Wages rise at slowest rate since 2001

Annual wage and salary growth fell to its lowest level for nearly a decade in the December quarter, but some economists see the labour market nearing a trough with a slowing in the decline in hours paid.

Figures published by Statistics New Zealand (SNZ) today show an annual rise of 1.8 percent in salary and wage rates, including overtime, as measured by the labour cost index (LCI).

That continued a decline in annual wage growth over the past 15 months from a peak of 4 percent in the year to September 2008, and was the lowest annual increase since 2001.

Salary and wage rates, including overtime, for the public sector rose 2.4 percent, while for the private sector the increase was 1.6 percent.

The rise for the public sector was the lowest since 2004, while the private sector increase was the lowest since 2001, SNZ said.

Meanwhile, the quarterly employment survey (QES), also published today, showed that for the year to December, employment, as measured by the number of full-time equivalent employees, decreased 2.5 percent and filled jobs decreased by 1.7 percent.

ASB chief economist Nick Tuffley said the data reflected the continued weak state of the labour market at the end of last year, although there was a hint of stabilisation in conditions.

An improvement in hiring intentions in recent business surveys suggested the labour market was near its trough, and ASB economists expected a recovery in employment this year, Mr Tuffley said.

An improvement in employment in the retail sector drove the increase in filled jobs and full time equivalents in the fourth quarter, but recent anecdotes suggested the retail sector would still face hurdles in the coming year.

The Household Labour Force Survey employment report, to be published on Thursday, wold give a better idea of how much slack remained in the labour market and how long wage growth would remain subdued, Mr Tuffley said.

Goldman Sachs JBWere economist Philip Borkin said he expected the labour market to begin to stabilise over this year, although there were few concrete signs of that yet.

Today's data could hardly be viewed as evidence of the self-sustaining recovery the Reserve Bank was looking for, Mr Borkin said.

"Yes, it is true that businesses are feeling more confident and are reporting an intention to go out and hire and invest.
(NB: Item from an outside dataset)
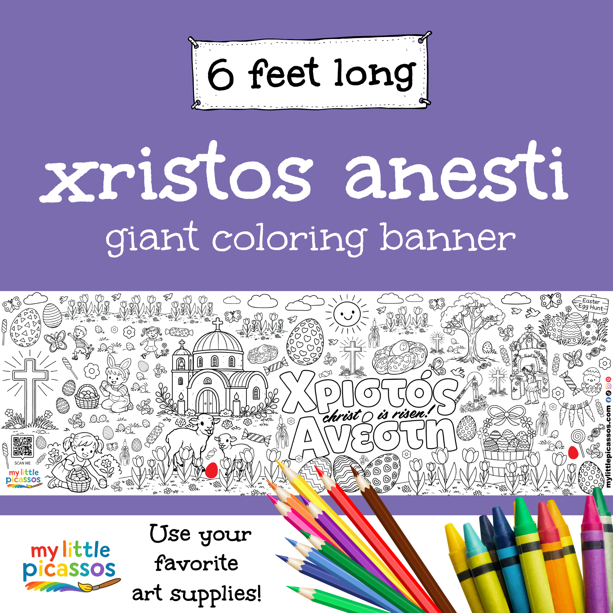 This Xristos Anesti Giant Coloring Banner gives children a fun and creative way to celebrate Greek Easter. The playful design encourages imaginative coloring, family time, and screen-free fun during holiday gatherings and spring celebrations.

But intending to do something is one thing, and actually going out and doing it is another. There remains a general cautiousness from firms."

ANZ was cautious about job creation in the recovery, pointing to significant slack within the current workforce.

"Firms will likely look to increase their current workforces' hours rather than adjust absolute staffing levels. This will mean the unemployment rate may stabilise at a higher level than we had been accustomed to in past recoveries."

As measured by the LCI, in just the December quarter, salary and wage rates, including overtime, increased 0.4 percent, following a rise of 0.5 percent in the September quarter.

Both the public and private sectors recorded increases of 0.3 percent in the December quarter.

The slow-down in annual wage rate growth happened during a period in which the business demand for labour declined, SNZ said.

The QES showed that seasonally adjusted gross earnings rose 1.9 percent for the year to December, while seasonally adjusted total paid hours fell 1.8 percent for the same period.

For the December quarter seasonally adjusted total paid hours fell 0.3 percent, while seasonally adjusted total gross earnings rose 0.1 percent.

Filled jobs rose 1.2 percent for the quarter, and full-time equivalent employees were up 1.4 percent.

According to the QES average total hourly earnings rose 3.7 percent in the year to December but slipped 0.2 percent for the quarter.

QES average earnings statistics reflect not only changes in pay rates, but also compositional and other changes across and within the paid workforce. In comparison, the LCI measures changes in salary and wage rates for a fixed quantity and quality of labour input.